Die Fotos von dem aufgebahrten Toten haben etwas Ikonisches. Sie ähneln den Gemälden von der Beweinung Christi, einem im Spätmittelalter gängigen Bildtypus. Geschundener, zerbrochener Körper, Wundmale, still trauernde Menschen. Vielleicht wollten viele Che Guevara genauso sehen. Einen säkularen Christus, der zur Knarre greift, um für die Nächstenliebe einzutreten. Jemanden, der sich selbst in die Waagschale wirft.
Che Guevaras Lebensgeschichte trägt Züge einer Heilgenlegende. Und er selbst hat diesen Vergleich bedient. Obwohl es heißt, er sei nicht sonderlich religiös gewesen. Wie Franz von Assisi lässt "El Che" seine bürgerliche Existenz hinter sich, wendet sich den Kranken und Unterdrückten zu, will ganz für sie da sein.

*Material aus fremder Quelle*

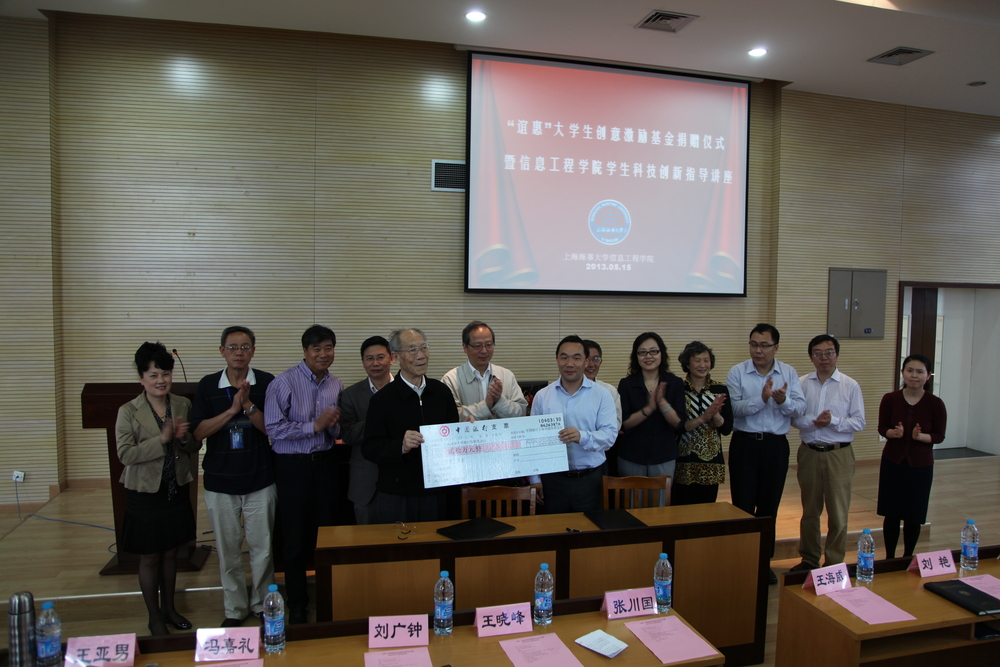 徐明全先生系上海海事大学离休老干部,曾任上海海运学院计算机教研室主任,是筹备组建上海海运学院计算机系成员之一。1990年离休后,他创办企业并取得良好的社会经济效益,关心现代年轻人成长。此次他出资二十万元,在我校信息工程学院设立“谊惠”大学生创意激励基金,目的就是鼓励青年人开展创新性科技研究活动,为年轻人的创新期望提供帮助和支持。

Geboren 1928 in Argentinien als Ernesto Guevara de la Serna wächst er in einer wohlhabenden Familie auf, studiert Medizin, wird Arzt. Ernesto reist mit dem Motorrad durch Südamerika, ist erschüttert von der Armut der Bauern. Genauso von der Skrupellosigkeit der Großgrundbesitzer, wie sie die Not der Menschen ausnutzen. Als Ernesto Fidel Castro kennenlernt, schließt er sich der kubanischen Revolution an, wird zu El "Che", dann Commandante, später Mitglied der neuen kubanischen Regierung.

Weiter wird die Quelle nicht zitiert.